Should we stay in that trade in the hope it will continue in our direction? At what point is the entry signal invalid and if it is what are we doing holding the trade if its NOT in profit?

Ideally staying in trades which continue to accumulate open profit is what we attempt to do.
Trailing stops in my view should be widened as a trade matures in profit BUT with time and normal exit criteria still in place.

This is where system design falls into a catagory of balance.You wont (well I havent) find perfect settings for every parameter. There will always be a give and take.
Howards concept of objective function (Although we all do this to a degree have never seen it spelled out specifically) is a key element in what I or you would accept in our systems. Quite possibly different objectives/different settings/different money Management in the SAME system.


----------



## Chorlton (10 September 2007)

Hello All,

After reading through the recent posts, can somebody explain what "edge ratio" is and how it should be applied to a system?


Many Thanks....


----------



## julius (10 September 2007)

BingK,

System performance rarely has a linear response to changes in the input - hence the 'prickly' appearance the optimization graphs posted earlier.: A small shift in the underlying market state can be the straw that breaks the camels back.

It might be possible to find out more if you could post the trading stats from the system.

From what I know automated trading is fairly common within the institutions, but mostly as a tool to stagger orders to minimise market impact.

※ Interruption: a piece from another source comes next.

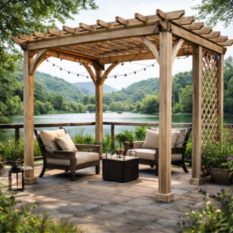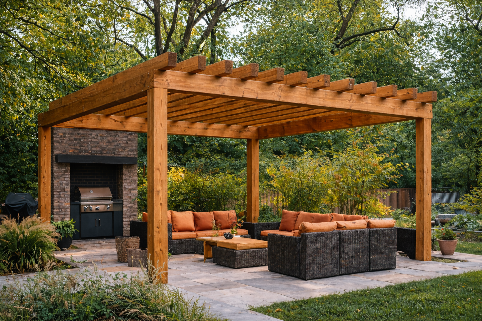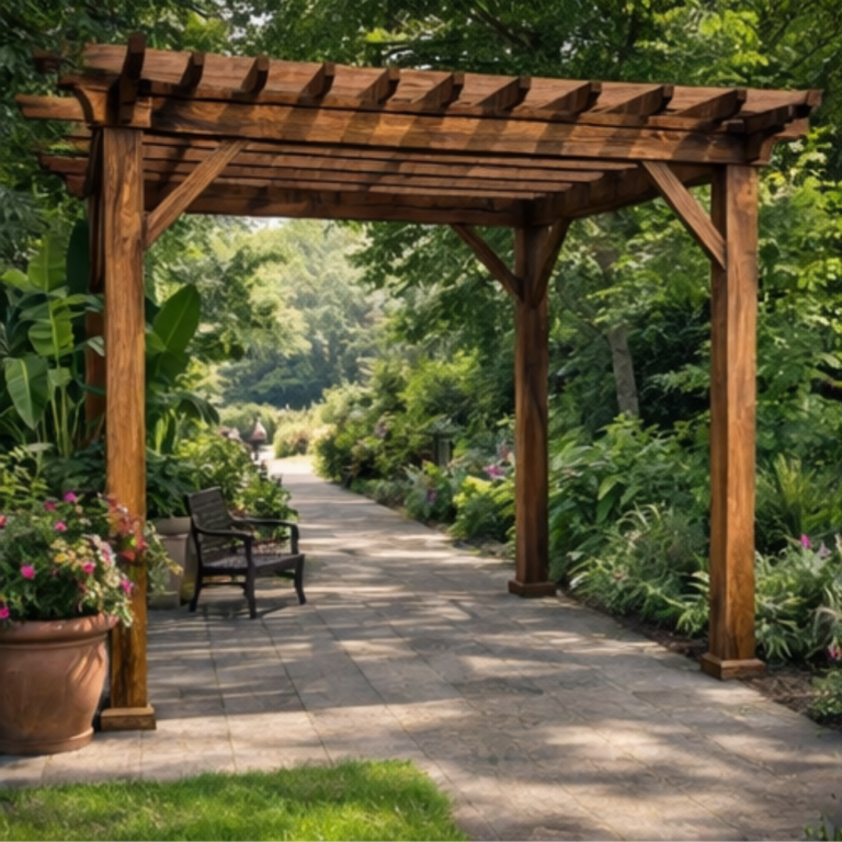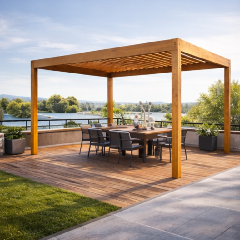 Otwarta konstrukcja zapewnia swobodny przepływ powietrza, a układ poprzecznych belek dachowych tworzy przyjemny, naturalny cień. To idealne rozwiązanie do stworzenia strefy relaksu, jadalni ogrodowej lub przestrzeni wypoczynkowej przy basenie.

I have read about a few of hedge funds that primarily trade 'black box' systems but no specifics unfortunately.


----------



## Temjin (10 September 2007)

Chorlton said:


> Hello All,
> 
> After reading through the recent posts, can somebody explain what "edge ratio" is and how it should be applied to a system?
> 
> ...




Curtis Faith invented the "Edge Ratio" quite recently when he posted the idea and formula in his own company's software forum on Oct 2006. The latest book, "Way of the Turtles" also have a small section to explain this Edge Ratio and its application with examples.  

P.S: He initially called it the Exclusion Ratio, but it was named as Edge Ratio in his book. 

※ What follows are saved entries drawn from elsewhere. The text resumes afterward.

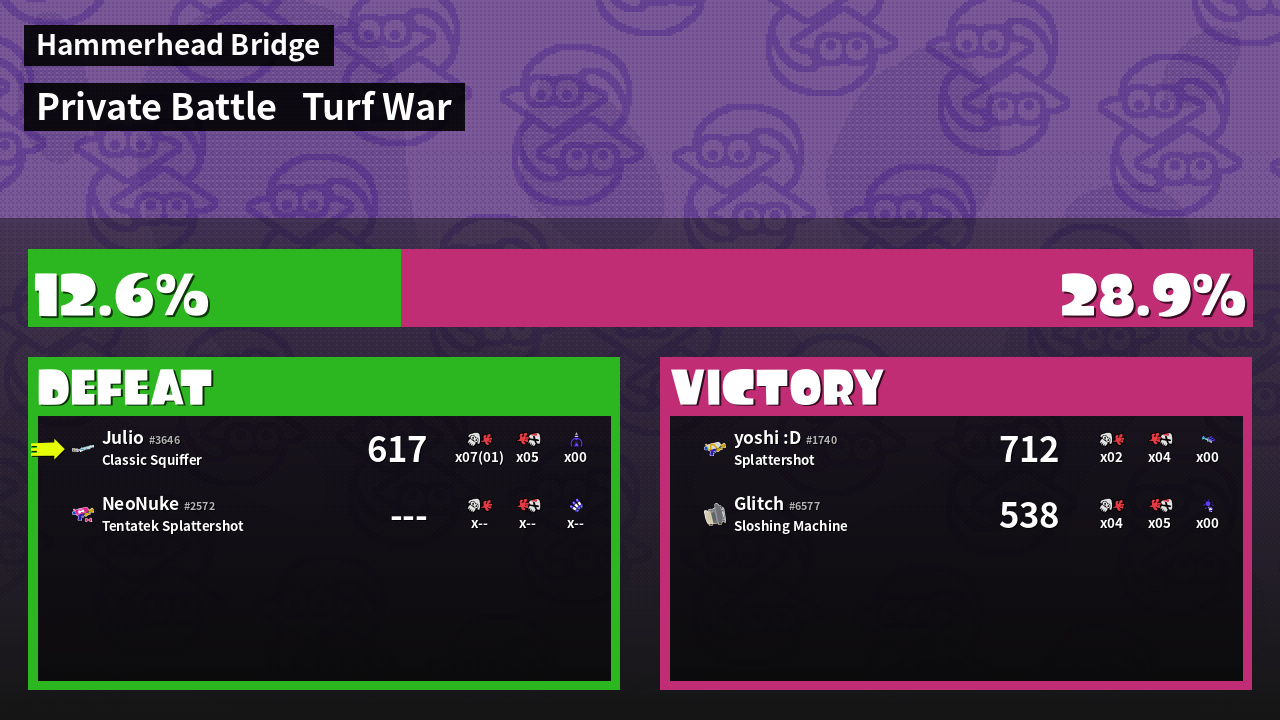 | Mode | Turf War - Private Battle | ||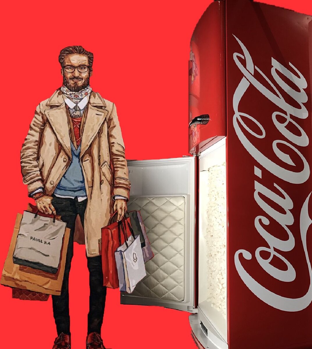 Первый экспонат, который заставил задуматься о жизни - это красный брендированный холодильник "Кока-Кола", наполненный сахаром и представляющий собой открытый гроб. Логика проста: напомнить нам о том, что именно мы потребляем каждый день.
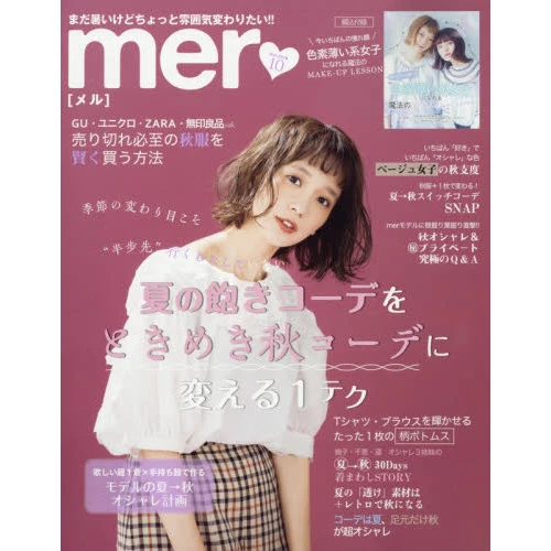 Mer is a monthly Japanese fashion magazine from Gakken Marketing featuring models chosen from its readers that focuses on looks that are affordable and easy to recreate! You’ll find all sorts of new ways to coordinate and wear your favorite old pieces, and in addition to new fashion trends, Mer also includes lifestyle articles as well as other beauty tips, making each issue a must-have for its fans!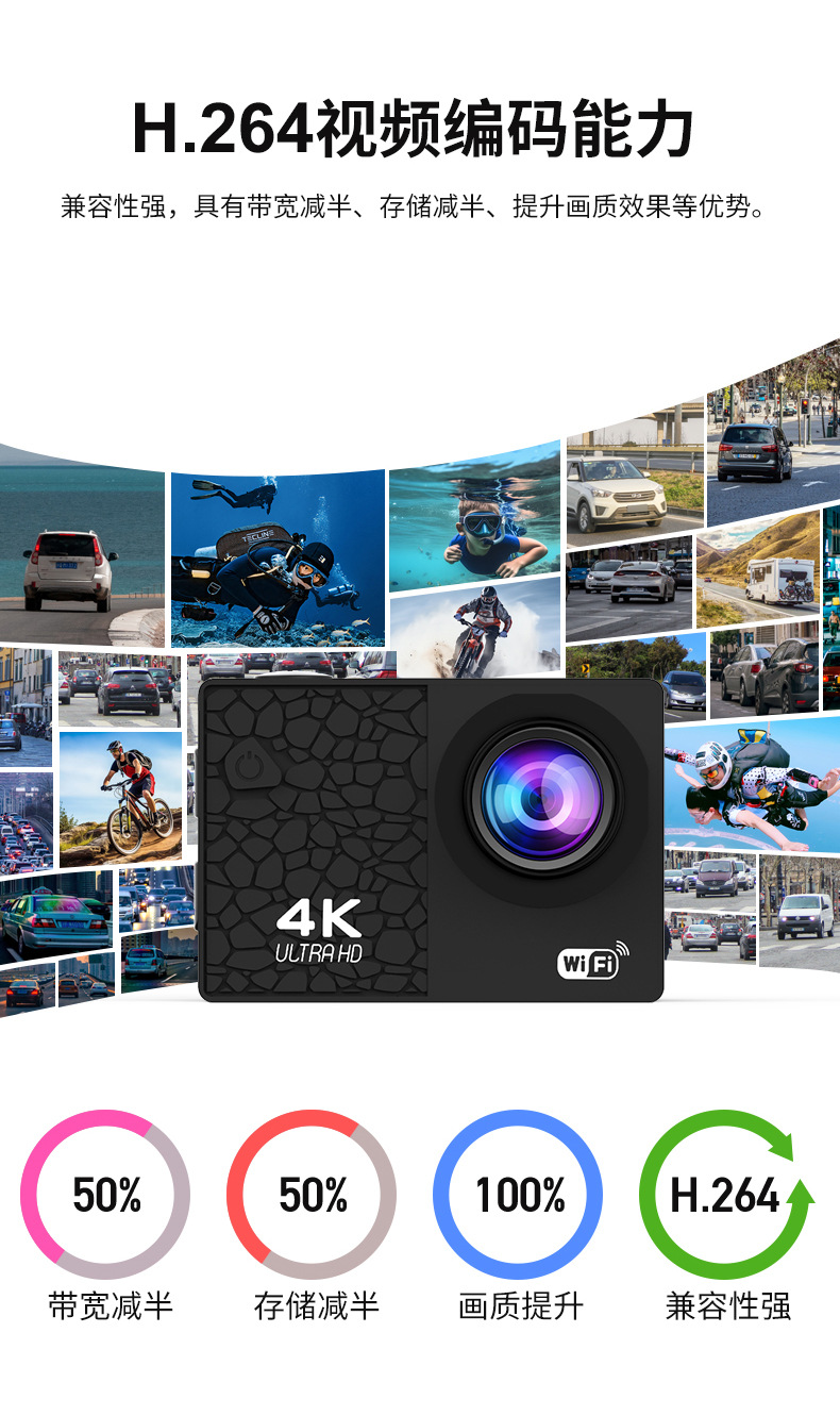 4K 야외 안티 쉐이크 스포츠 카메라 와이파이 무선 촬영 승마 카메라 높은 내구성 미니 레코더

More information is available on this thread at the TradingBlox forum.

http://www.tradingblox.com/forum/viewtopic.php?t=3310

Here is the formula he used. 



> I developed a new ratio (new to me at least) I call the Excursion Ratio which is defined as:
> 
> Average Volatility-Adjusted Maximum Favorable Excursion
> -------------------------------------------------------------------
> ...




The most interesting of this ratio is that his initial hypothesis was that on average, a random entry should never have an edge of over 1.0 over a given period of time. His testings has shown evidences that it is such a case. 

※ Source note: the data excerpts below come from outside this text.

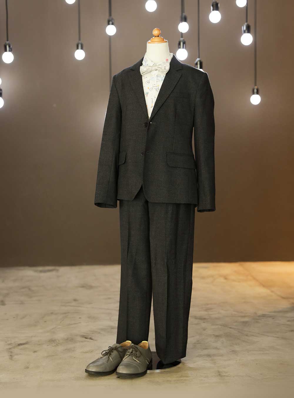 シンプルでありながらエレガントな印象を持つ上質なタキシードです。深みのあるチャコールグレーのジャケットは落ち着いた色合いと洗練されたデザインが特徴です。 パンツは同色のトーンでまとめられており、全体のコーディネートに一体感をもたらします。ストレートなラインのパンツはスーツ全体を引き締めながらも、リラックス感のあるスタイルを演出します。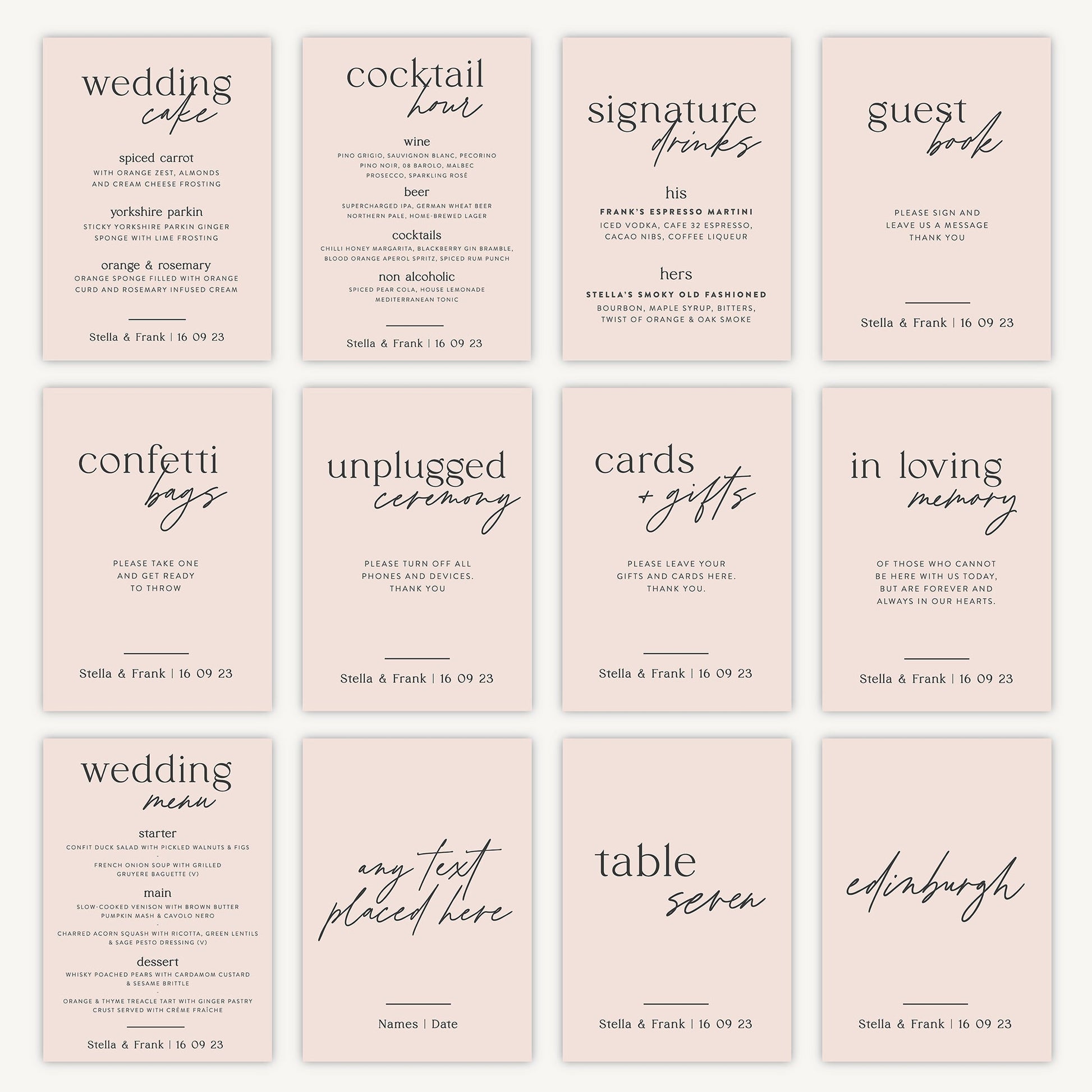 Style your special day with our printed Blush Script wedding signs.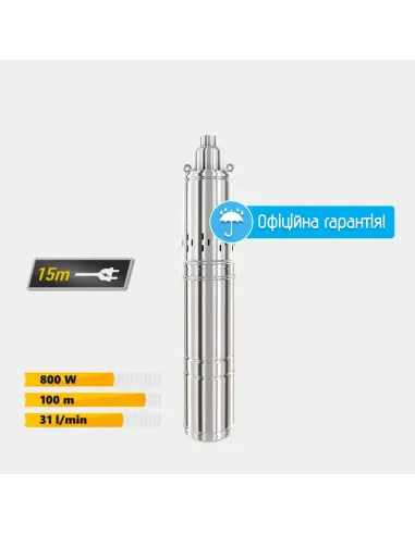 Шнековый насос для скважин Tekk Haus 3QGD 1,9/10 0.8 кВт предназначен для подъема воды из скважины или колодца с высотой всасывания больше 8 метров и диаметров от 76 мм. Используется данный насос для обеспечения водой дома, дачи, квартиры, а также для полива небольших земельных участков. Мощность двигателя 0,8 кВт. Материал изделия насоса - нержавеющая сталь, рабочее колесо является шнеком. Максимальная производительность насоса 32 литра в минуту. Максимальный напор воды достигает 100 метров / 10 bar. Диаметр насоса - 3 дюйма (76 мм). Диаметр подключения скважинного насоса 1 дюйм. Длина кабеля - 15 метров. Максимальная температура жидкости: 35 градусов по Цельсию. Вес насоса – 10,3 кг. Гарантия 2 года. Страна производитель - Китай.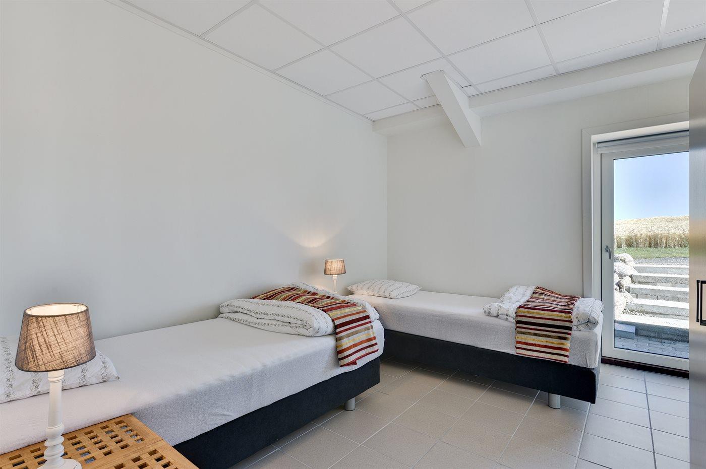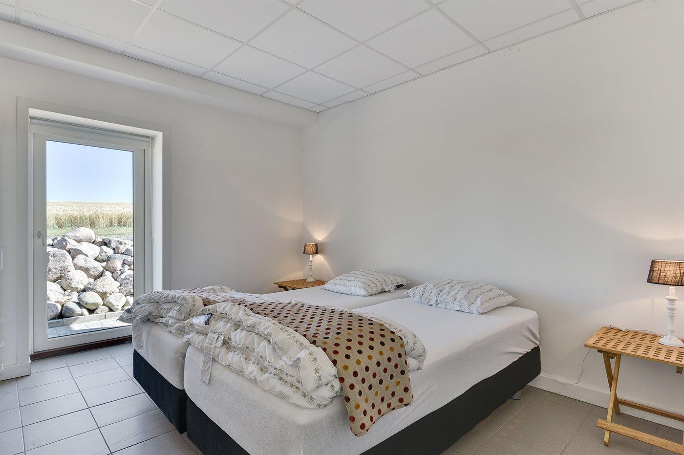 Der er i alt 3 soveværelser. Sovepladserne fordeler sig på: 2 sovepladser i dobbeltseng. 2 sovepladser i enkeltsenge. 2 sovepladser i køjeseng. Derudover er der 1 stk. barneseng.

> This too confirmed my initial hypothesis that market prices after random entries would exhibit no tendency to move in any particular direction.




Definitely an interesting indicator to look at and something I would spend more time in.

How much of an edge does one need to make a profit? I don't know if I could answer that question. 

Though in recent threads/posts, there are claims that you can still make money (in theory) with a random entry and a random exit. Dr Van Tharp believed that it is still possible to create a profitable system with a random entry using well defined exit and money management strategies.


----------



## tech/a (10 September 2007)

> Though in recent threads/posts, there are claims that you can still make money (in theory) with a random entry and a random exit. Dr Van Tharp believed that it is still possible to create a profitable system with a random entry using well defined exit and money management strategies.




Now THAT I do believe is possible.


----------



## weird (10 September 2007)

Gary Smith - How I trade for a living,



> When you short, you are bucking the 200-year upward bias in the stock market. I don't like to bet against such
> odds. George Soros once told Victor Niederhoffer that he had lost more money on shorting stocks than on any
> other speculative activity. According to Niederhoffer, selling short stock is a ticket to the poorhouse. I'll
> leave shorting to the perennial bears. They seem to have some sadistic compulsion for failure anyway.




Random selection 'may' work, considering the upward bias of the market. 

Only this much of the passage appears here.